Re: Obsolete characters

From: Mark Davis (mark.edward.davis@gmail.com)
Date: Thu Jan 22 2009 - 15:40:25 CST

Next message: =?utf-8?Q?António MARTINS-Tuválkin?=: "Re: Obsolete characters"

Previous message: Michael Everson: "Re: Obsolete characters"
In reply to: Michael Everson: "Re: Obsolete characters"
Messages sorted by: [ date ] [ thread ] [ subject ] [ author ] [ attachment ]
Mail actions: [ respond to this message ] [ mail a new topic ]

Mark

On Thu, Jan 22, 2009 at 12:28, Michael Everson <everson@evertype.com> wrote:

> On 22 Jan 2009, at 19:37, Mark Davis wrote:
>
> Every time anyone has any kind of organization of anything, it could be
>> considered "prejudical" to someone somewhere.
>>
>
> True, and I understand that your organization may not have the same
> requirements as I might have. Nevertheless, the idea that yogh should be
> "archaic" (or whatever) and not on a character picker, when I enountered it
> in school in Arizona (a pretty ordinary place, in the late 1970s) seems to
> me to be wrong. Chaucer is still on the c
>
> And yet for a character picker there are so very many Unicode characters
>> that you have to have some kind of organization or the characters you want
>> are difficult to find within a morass of others.
>>
>
> So how will people find the "obscure" ones?
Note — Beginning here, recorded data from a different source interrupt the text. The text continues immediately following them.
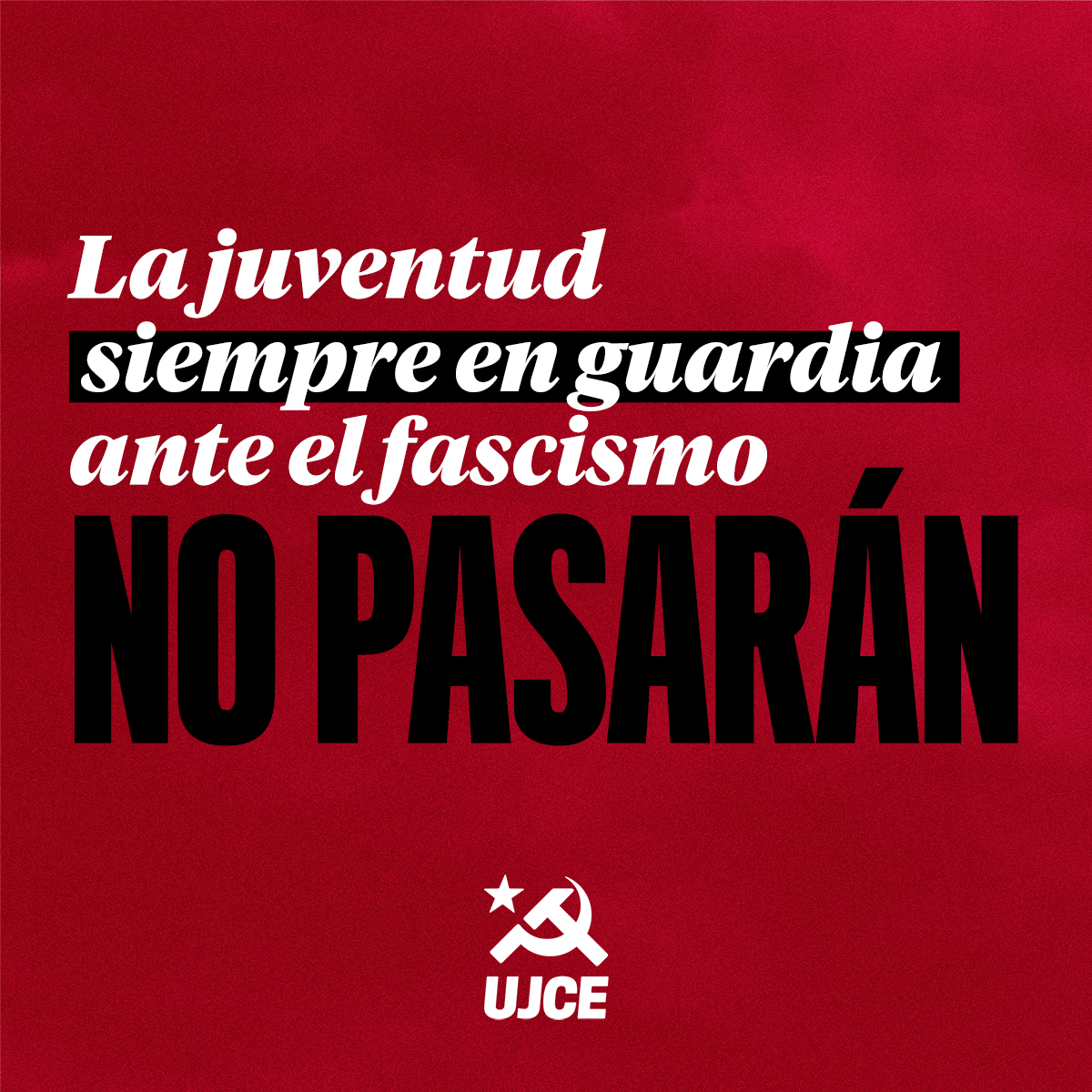 Desde la UJCE mostramos nuestro más absoluto rechazo a la exaltación al fascismo. Es por eso que seguimos luchando por la República y el Socialismo. Sólo una juventud fuerte, organizada y antifascista puede hacerles frente. Hoy y siempre: ¡No pasarán!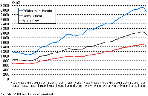 Kerrostaloasuntojen keskimääräiset neliöhinnat 1994-2008/4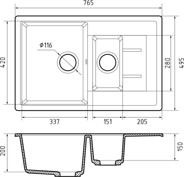Общий размер: 765 * 495 мм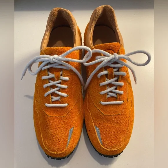 Limited edition orange suede Sonra Proto Pumpkin trainer. Handmade in Germany. Light wear on sole, very good condition overall. #119 of 300 made.

First off, and I want to emphasize this again, we are trying different
models of dealing with the data, so we may or may not use the modern vs
non-modern feature of individual characters in modern scripts. I've passed
out a link to the current mockup, so you can see some of the things we are
trying, but should not at all take it as final.

What we are doing there is having the 'uncommon' characters available, just
separated from the others. As I said, this may or may not work.

>
>
> We considered UCA ordering, the ordering in the charts on
>> http://www.unicode.org/charts/collation/
>>
>> There are a few problems with that, as you will see if you take a look.
>> • Especially in the case of symbols or punctuation, it is hard to
>> find things
>>
>
> Why start here?

"start"?

> I was talking about letters of the alphabet(s). You've been dividing Latin
> up into ins and outs.

It isn't ins-and-outs; both are available.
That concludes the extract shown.